Exercise details:
Output all of the records word for word and drop the images.

Record extracts:
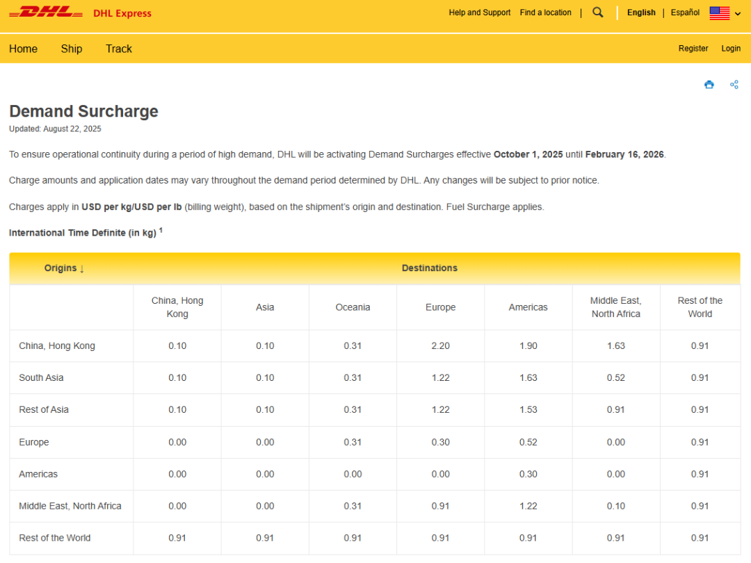 FedEx 的旺季附加费标准较 2024 年进一步提升,根据FedEx发布的通知显示,2025年的旺季附加费已于9月22日至10月19日期间生效。除常规超规包裹附加费外,新增两项加急服务附加费,并对业务量激增的大客户额外收取住宅配送费。
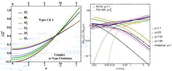 (Left) Angular dependence of the UV emission for models and . The horizontal black solid line at mark the transition from type 5 to types 1 and 2 solutions. (Right) Mach number as a function of radius for model and (analytical solution; orange curves), (numerical solution from [] with ; gray curves, and this work with ; green curves), (blue curves), (black curves), (magenta curves) and (non-radiative (NR), with ; red curves). The thick solid curves represent supersonic inflow () and outflow () solutions, while the dashed lines represent inflow and ourflow subsonic solutions.
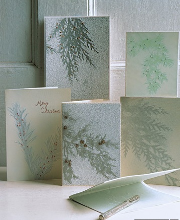 Такая открытка делается за пару минут, если у вас есть высушенная веточка туи. Кроме туи подойдет любой листок или цветок из гербария. Положите веточку на картон и распылите сверху серебряную краску. Уберите растение, и... Открытка готова!
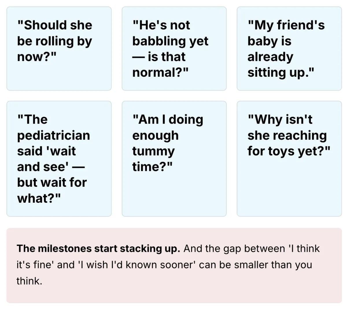 You open Instagram to relax. Instead you see a 4-month-old already sitting up, a 6-month-old 'ahead of schedule,' and a TikTok reel about a red flag — with zero context about whether it actually applies to your baby.
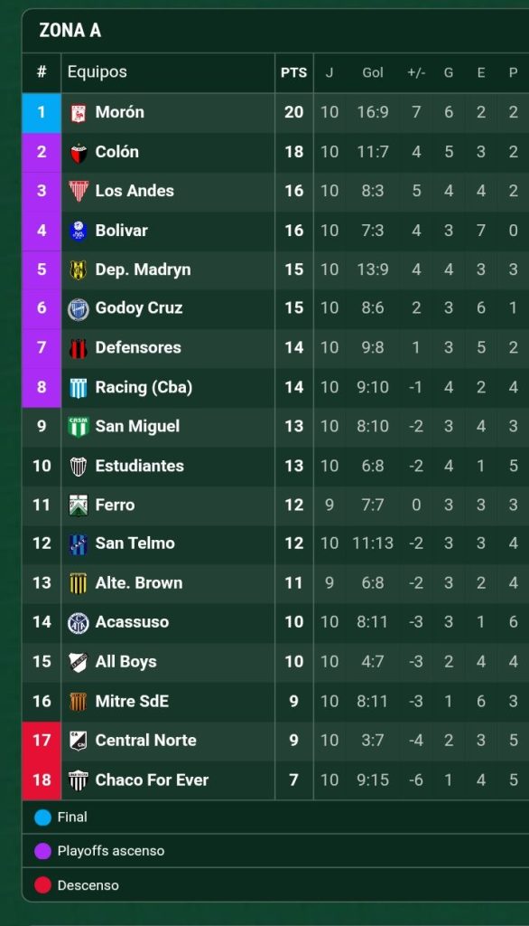 De esta manera, la tabla empieza a marcar un lote de cuatro equipos que se cortan en la parte alta: Morón, Colón, Los Andes y Bolívar, todos con aspiraciones firmes en este arranque de temporada.
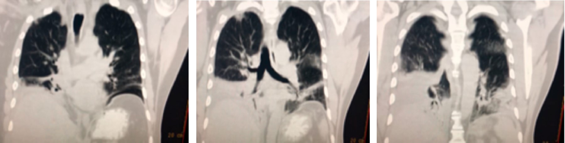 Seis días posteriores se reporta cultivo de secreción positivo para Trichosporon asahii, cambiando caspofungina por voriconazol, logrando su egreso de la UCI. Un día posterior el paciente presenta mejoría clínica, manteniendo una evolución favorable el resto de su estancia hospitalaria en tratamiento con voriconazol. Se realiza nueva tomografía de control, la cual muestra mejoría significativa de las zonas de consolidación en los lóbulos pulmonares inferiores así como del derrame pleural, el cual mostraba resolución casi total del hemitórax izquierdo y disminución del volumen del derrame pleural derecho. Por lo anterior, se decide su egreso a domicilio posterior a 22 días de estancia intrahospitalaria. Actualmente continúa con seguimiento por consulta externa con evolución favorable.
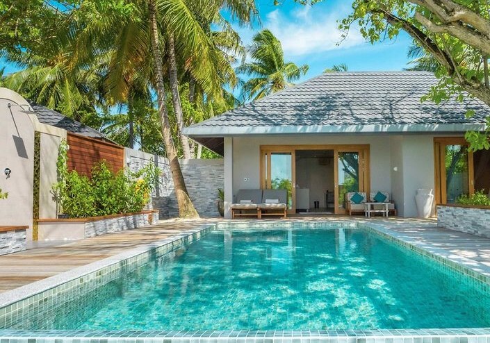 Im Lily Beach Resort & Spa wohnt Ihr in einem stilvollen Villenresort auf der Insel Huvahendhoo im südöstlichen Ari-Atoll. Die Atmosphäre wirkt entspannt und klar strukturiert: kurze Wege, zwei Pools, viel Platz am Strand. Familien finden im Kinderclub und auf dem Outdoor-Spielplatz verlässliche Angebote, Paare schätzen die Rückzugsorte und den ruhigen Rhythmus der Insel.
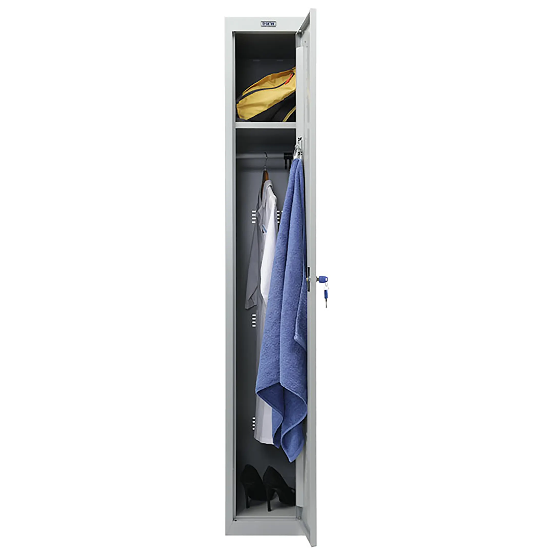 Шкаф для раздевалки ML 11-30 предназначен для хранения одежды в производственных, спортивных и других помещениях, хоз.инвентаря, а также для организации камер хранения.
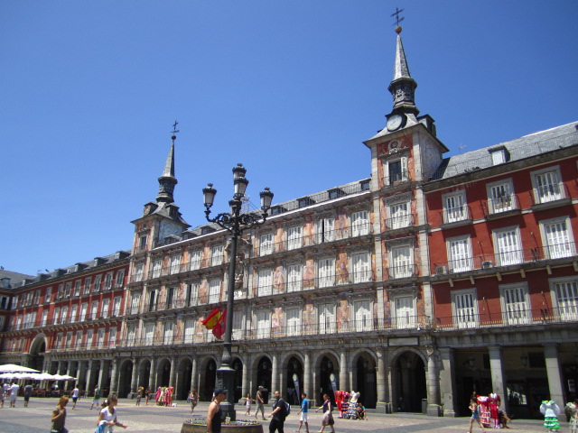 The Plaza Mayor is an impressive 16th Century square flanked by towers and shady arcades. The deep burnt red color was decided by popular vote the last time the square was restored.
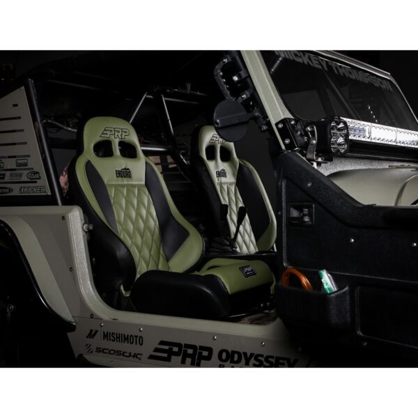 Add comfort and containment to your Jeep, Truck, or Buggy with the EnduroCrawl Reclining Suspension Seat from the Enduro Elite Series, the newest line of Reclining Suspension Seats from PRP. Featuring updated styling and a dual slot headrest for harnesses, the EnduroCrawl is designed to replace stock seats in a Jeep Wrangler, Jeep XJ, Ford Ranger, Trucks, or Buggy for a significant improvement to your enjoyment, comfort, and containment off-road. Featuring medium bolsters on the bottom and back of the seat, the EnduroCrawl provides the most containment for serious off-roading while retaining the ability to recline the seat. The bottom features higher sides to keep your legs locked in when bouncing around and the back lower section features a medium bolster at your sides that help to keep you secure. While the wider top section opens up, making it more comfortable for larger riders or those with broad shoulders. A removable, dual-layered seat cushion means the EnduroCrawl offers better leg support and extended comfort. The vinyl-coated nylon suspension liner and dual-density foam decrease the impact on the body and reduce body fatigue after a long day in the dirt or dunes. EnduoCrawl Reclining Suspension Seat is great for serious off-roaders who want to be held tight on the trails, with the additional comfort and adjustability of a reclining suspension seat. The EnduroCrawl reclines completely and inclines forward enough for access to the rear seats. The bottom tabs easily bolt to PRP’s series of mounts for Jeeps, Broncos, Ford Rangers, and more. The seat features Suede Center, Vinyl Back and Vinyl Bands.
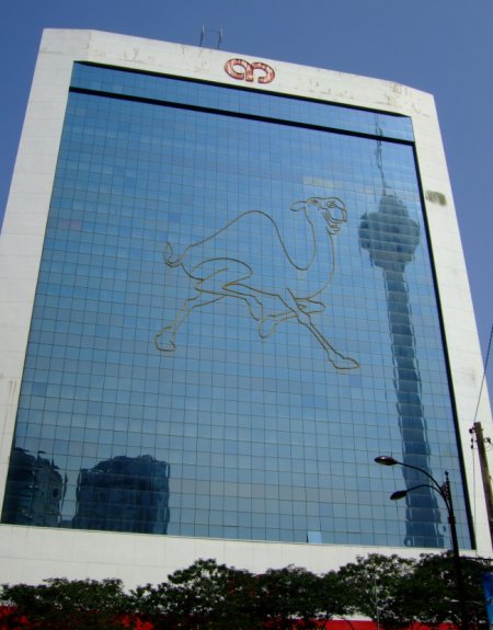 | 大きなビルのガラスにらくだが書いてあり、その前にKLタワーが移っていました。”KL空飛ぶらくだの絵!!”です。撮る位置によってKLタワーの写り方が変わるので、何枚か撮ったうちの一枚です。 |
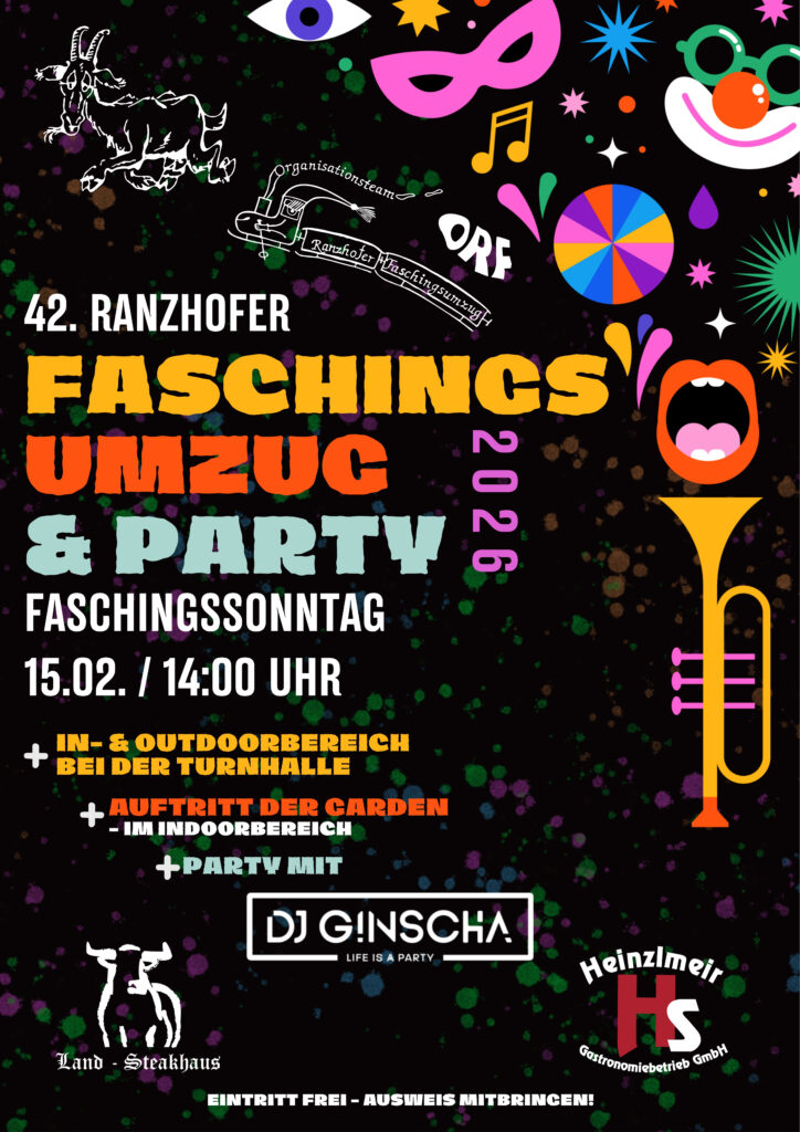 Anschließend findet die Faschingsparty in und an der Turnhalle statt. Wir feiern heuer In- und Outdoor!
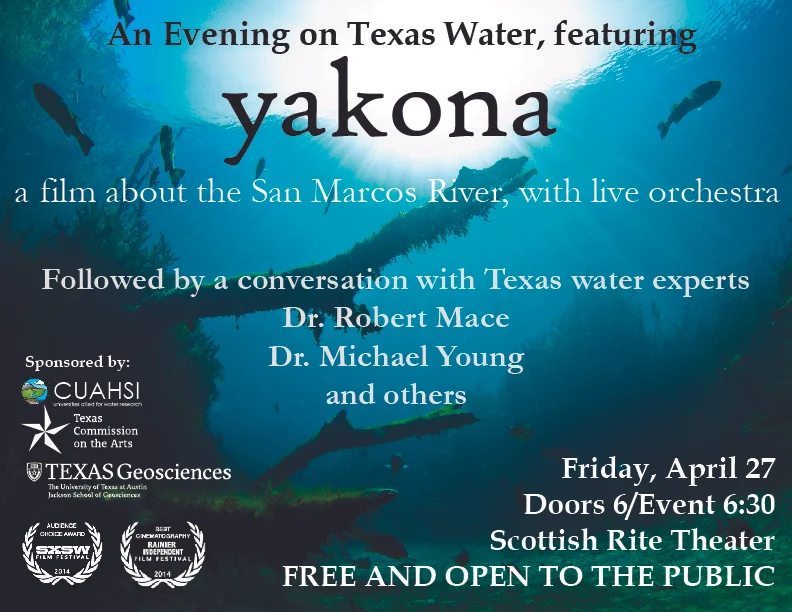 The event will take place on Friday, April 27, at 6 p.m. at the Austin Scottish Rite Theater and includes a screening of the multi-award winning film “Yakona” with the film score performed by a musical group. The screening will be followed by a panel discussion with water experts, policy makers and advocates.
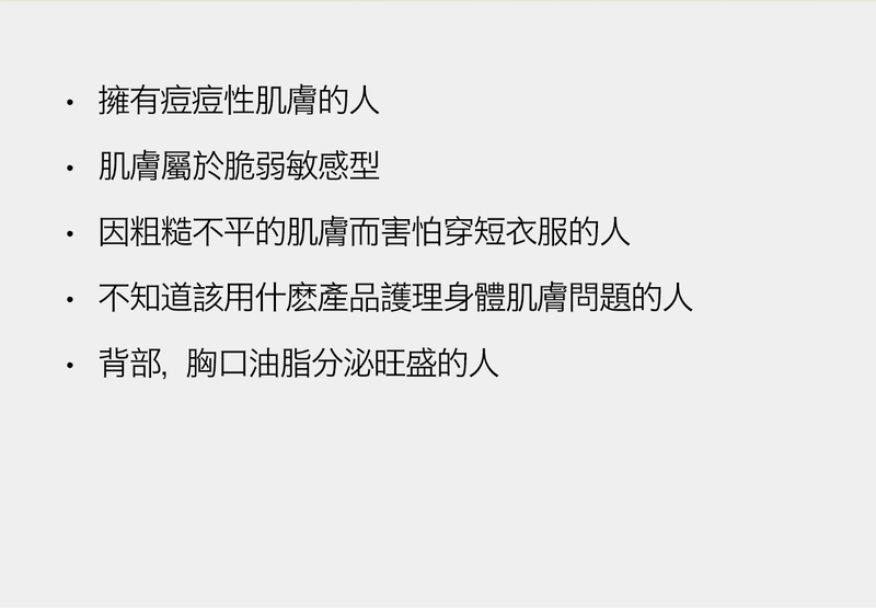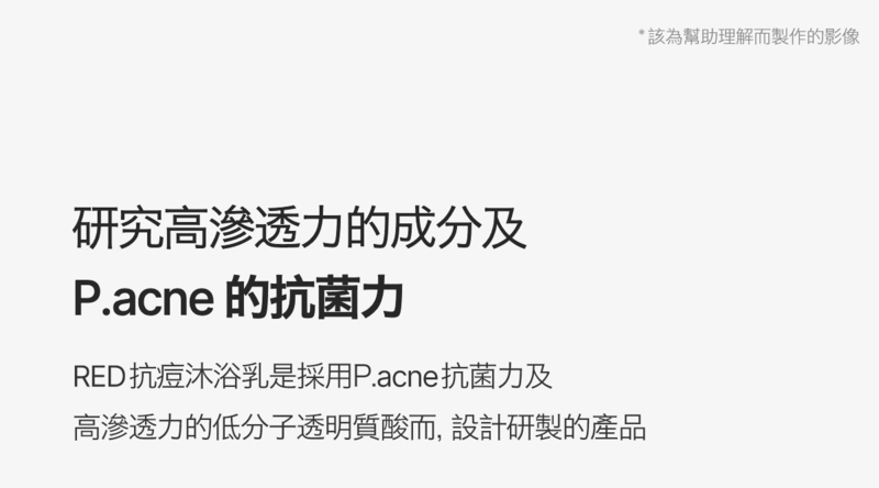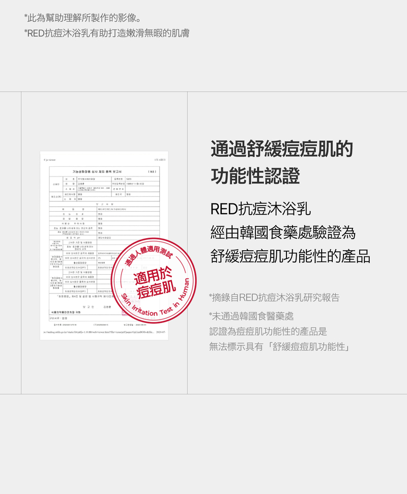 完成低刺激臨床測試,舒緩痘痘肌的功能性沐浴乳,

Expected answer:
 FedEx 的旺季附加费标准较 2024 年进一步提升,根据FedEx发布的通知显示,2025年的旺季附加费已于9月22日至10月19日期间生效。除常规超规包裹附加费外,新增两项加急服务附加费,并对业务量激增的大客户额外收取住宅配送费。
 (Left) Angular dependence of the UV emission for models and . The horizontal black solid line at mark the transition from type 5 to types 1 and 2 solutions. (Right) Mach number as a function of radius for model and (analytical solution; orange curves), (numerical solution from [] with ; gray curves, and this work with ; green curves), (blue curves), (black curves), (magenta curves) and (non-radiative (NR), with ; red curves). The thick solid curves represent supersonic inflow () and outflow () solutions, while the dashed lines represent inflow and ourflow subsonic solutions.
 Такая открытка делается за пару минут, если у вас есть высушенная веточка туи. Кроме туи подойдет любой листок или цветок из гербария. Положите веточку на картон и распылите сверху серебряную краску. Уберите растение, и... Открытка готова!
 You open Instagram to relax. Instead you see a 4-month-old already sitting up, a 6-month-old 'ahead of schedule,' and a TikTok reel about a red flag — with zero context about whether it actually applies to your baby.
 De esta manera, la tabla empieza a marcar un lote de cuatro equipos que se cortan en la parte alta: Morón, Colón, Los Andes y Bolívar, todos con aspiraciones firmes en este arranque de temporada.
 Seis días posteriores se reporta cultivo de secreción positivo para Trichosporon asahii, cambiando caspofungina por voriconazol, logrando su egreso de la UCI. Un día posterior el paciente presenta mejoría clínica, manteniendo una evolución favorable el resto de su estancia hospitalaria en tratamiento con voriconazol. Se realiza nueva tomografía de control, la cual muestra mejoría significativa de las zonas de consolidación en los lóbulos pulmonares inferiores así como del derrame pleural, el cual mostraba resolución casi total del hemitórax izquierdo y disminución del volumen del derrame pleural derecho. Por lo anterior, se decide su egreso a domicilio posterior a 22 días de estancia intrahospitalaria. Actualmente continúa con seguimiento por consulta externa con evolución favorable.
 Im Lily Beach Resort & Spa wohnt Ihr in einem stilvollen Villenresort auf der Insel Huvahendhoo im südöstlichen Ari-Atoll. Die Atmosphäre wirkt entspannt und klar strukturiert: kurze Wege, zwei Pools, viel Platz am Strand. Familien finden im Kinderclub und auf dem Outdoor-Spielplatz verlässliche Angebote, Paare schätzen die Rückzugsorte und den ruhigen Rhythmus der Insel.
 Шкаф для раздевалки ML 11-30 предназначен для хранения одежды в производственных, спортивных и других помещениях, хоз.инвентаря, а также для организации камер хранения.
 The Plaza Mayor is an impressive 16th Century square flanked by towers and shady arcades. The deep burnt red color was decided by popular vote the last time the square was restored.
 Add comfort and containment to your Jeep, Truck, or Buggy with the EnduroCrawl Reclining Suspension Seat from the Enduro Elite Series, the newest line of Reclining Suspension Seats from PRP. Featuring updated styling and a dual slot headrest for harnesses, the EnduroCrawl is designed to replace stock seats in a Jeep Wrangler, Jeep XJ, Ford Ranger, Trucks, or Buggy for a significant improvement to your enjoyment, comfort, and containment off-road. Featuring medium bolsters on the bottom and back of the seat, the EnduroCrawl provides the most containment for serious off-roading while retaining the ability to recline the seat. The bottom features higher sides to keep your legs locked in when bouncing around and the back lower section features a medium bolster at your sides that help to keep you secure. While the wider top section opens up, making it more comfortable for larger riders or those with broad shoulders. A removable, dual-layered seat cushion means the EnduroCrawl offers better leg support and extended comfort. The vinyl-coated nylon suspension liner and dual-density foam decrease the impact on the body and reduce body fatigue after a long day in the dirt or dunes. EnduoCrawl Reclining Suspension Seat is great for serious off-roaders who want to be held tight on the trails, with the additional comfort and adjustability of a reclining suspension seat. The EnduroCrawl reclines completely and inclines forward enough for access to the rear seats. The bottom tabs easily bolt to PRP’s series of mounts for Jeeps, Broncos, Ford Rangers, and more. The seat features Suede Center, Vinyl Back and Vinyl Bands.
 | 大きなビルのガラスにらくだが書いてあり、その前にKLタワーが移っていました。”KL空飛ぶらくだの絵!!”です。撮る位置によってKLタワーの写り方が変わるので、何枚か撮ったうちの一枚です。 |
 Anschließend findet die Faschingsparty in und an der Turnhalle statt. Wir feiern heuer In- und Outdoor!
 The event will take place on Friday, April 27, at 6 p.m. at the Austin Scottish Rite Theater and includes a screening of the multi-award winning film “Yakona” with the film score performed by a musical group. The screening will be followed by a panel discussion with water experts, policy makers and advocates.
 完成低刺激臨床測試,舒緩痘痘肌的功能性沐浴乳,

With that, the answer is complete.